WHAT YOU NEED TO DO - From the line containing "Abrigo emergencial montado" through the end of the material below, output each line exactly as written, with pictures excluded.

DATA PROVIDED -
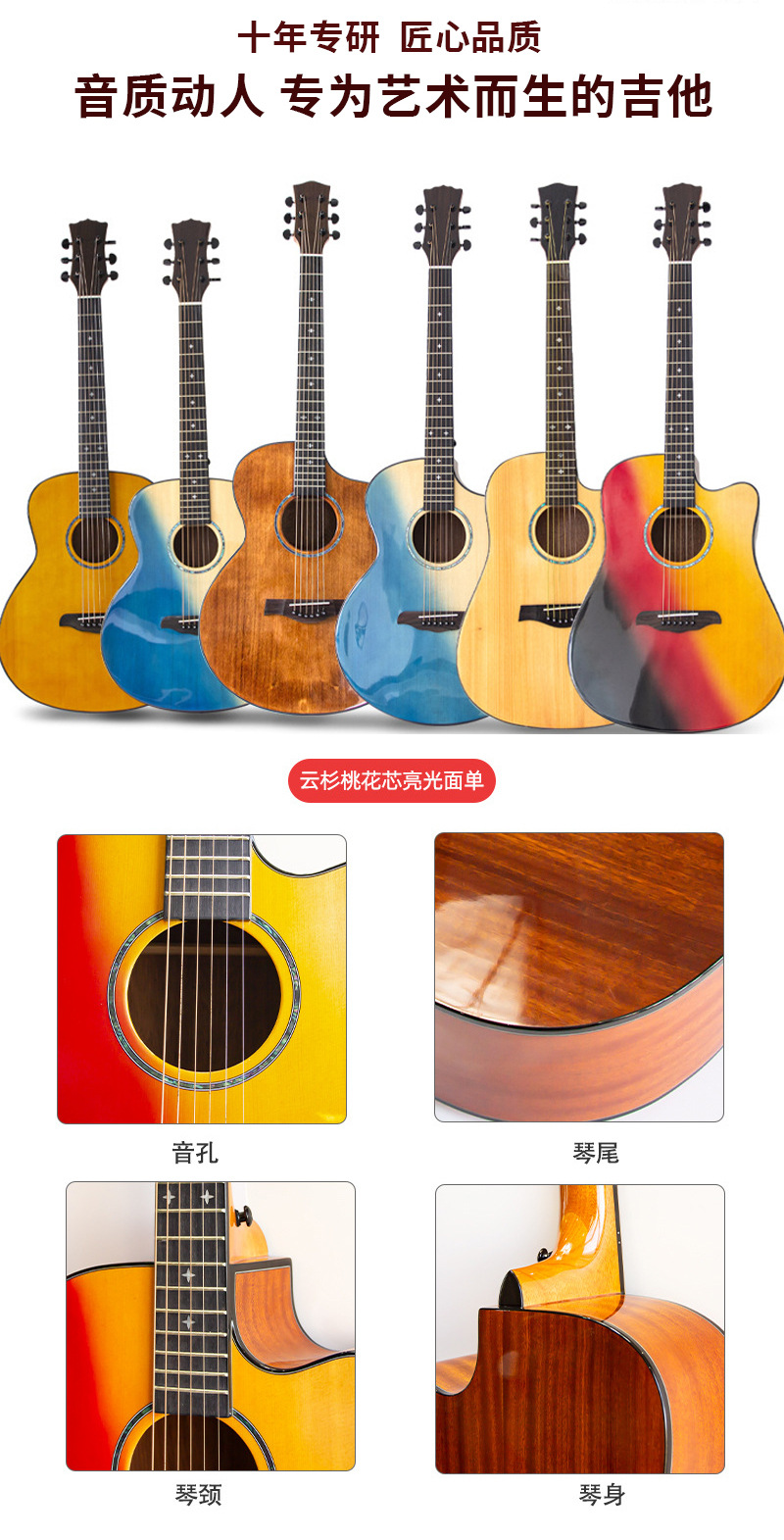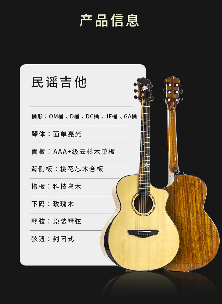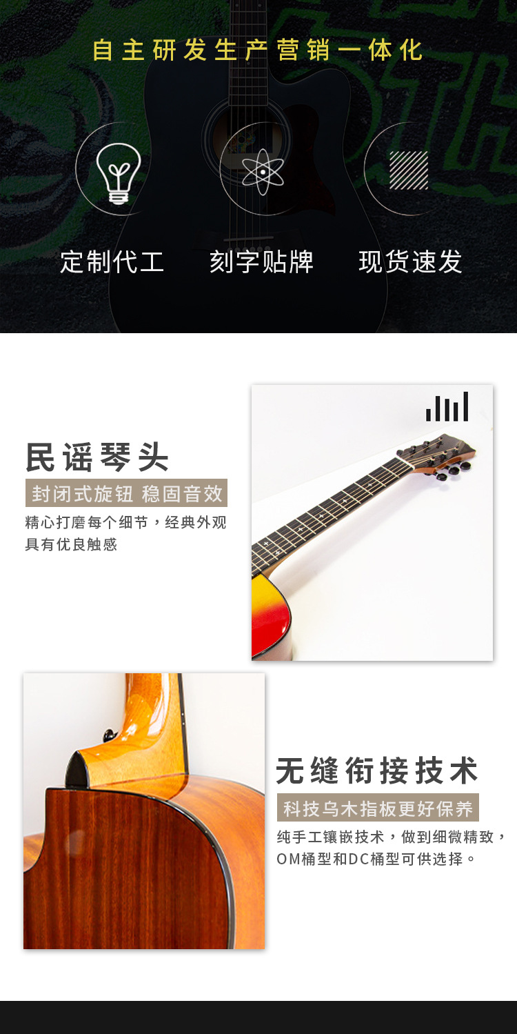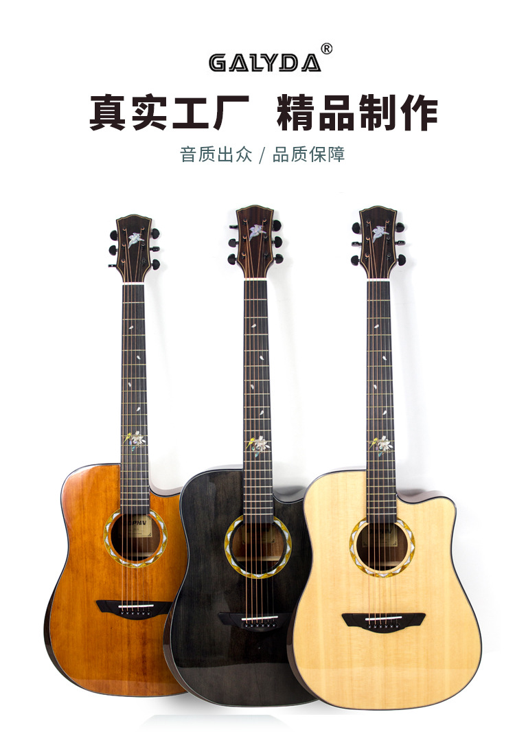 36 인치 40 인치 41 인치 가문비 나무 복숭아 꽃 코어 나무 기타 얼굴 싱글 라이트 어쿠스틱 기타 공장 아울렛
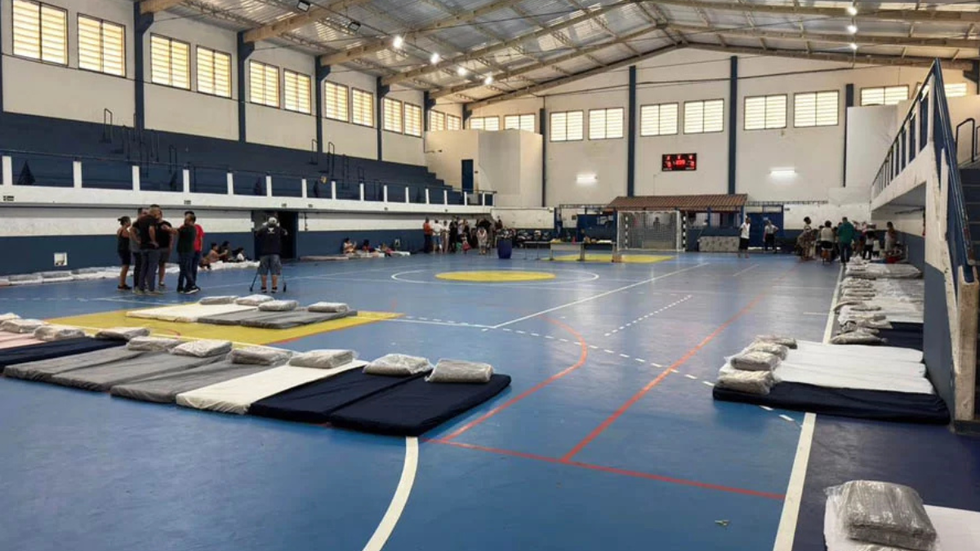 Abrigo emergencial montado no ginásio acolheu famílias afetadas pelas chuvas em Mongaguá - Imagem: Prefeitura de Mongaguá
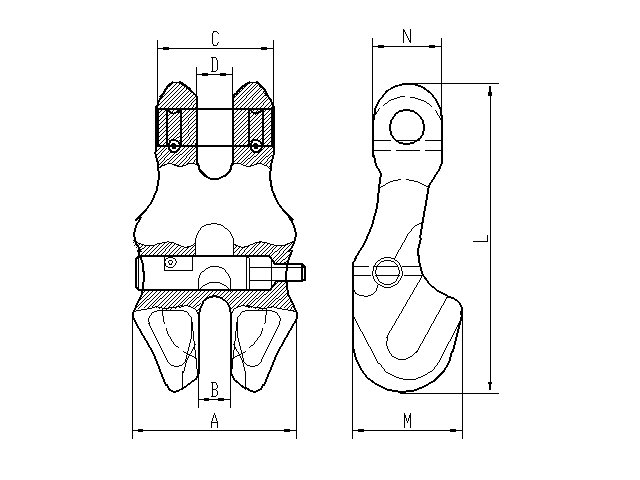 El embrague de cadena de horquilla G100 con pasador es un conector de cadena fabricado en acero aleado de alta resistencia y tenacidad. Está templado y revenido, con un factor de seguridad de 4:1. Es compatible con cadenas G100 y permite acortar la longitud de la eslinga, lo que permite aprovechar al máximo su capacidad de carga. El diseño del pasador de bloqueo mejora la seguridad y evita que la cadena se desprenda.
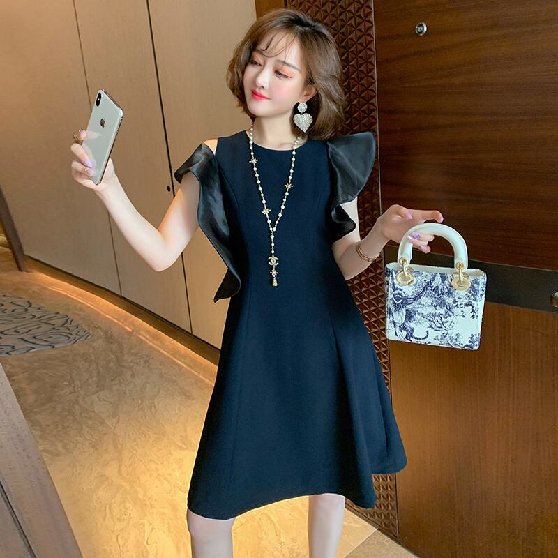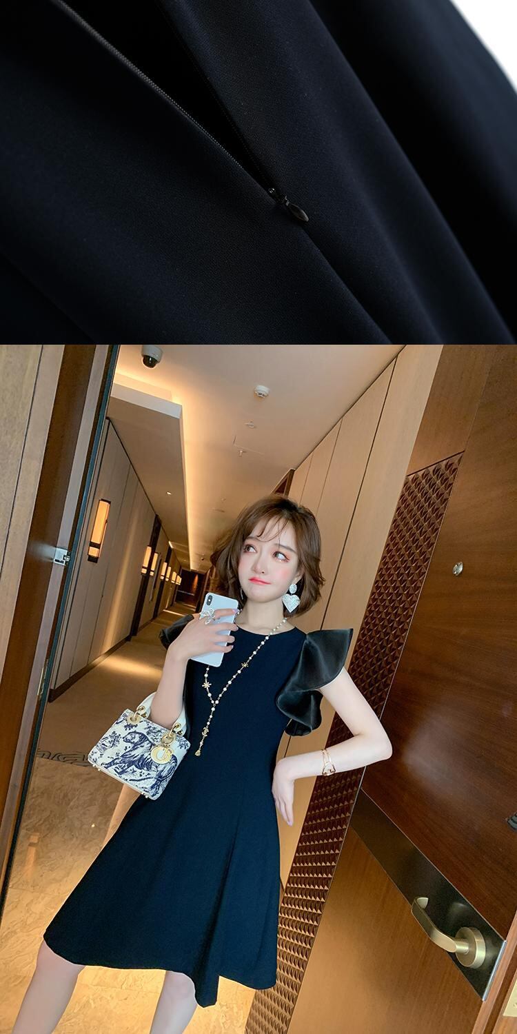 ラウンドネックアシンメトリーウェストドレス サマー エレガント 夏物 Oネック ステッチ MIUCO49079242451

OUTPUT OF THE EXERCISE -
 Abrigo emergencial montado no ginásio acolheu famílias afetadas pelas chuvas em Mongaguá - Imagem: Prefeitura de Mongaguá
 El embrague de cadena de horquilla G100 con pasador es un conector de cadena fabricado en acero aleado de alta resistencia y tenacidad. Está templado y revenido, con un factor de seguridad de 4:1. Es compatible con cadenas G100 y permite acortar la longitud de la eslinga, lo que permite aprovechar al máximo su capacidad de carga. El diseño del pasador de bloqueo mejora la seguridad y evita que la cadena se desprenda.
 ラウンドネックアシンメトリーウェストドレス サマー エレガント 夏物 Oネック ステッチ MIUCO49079242451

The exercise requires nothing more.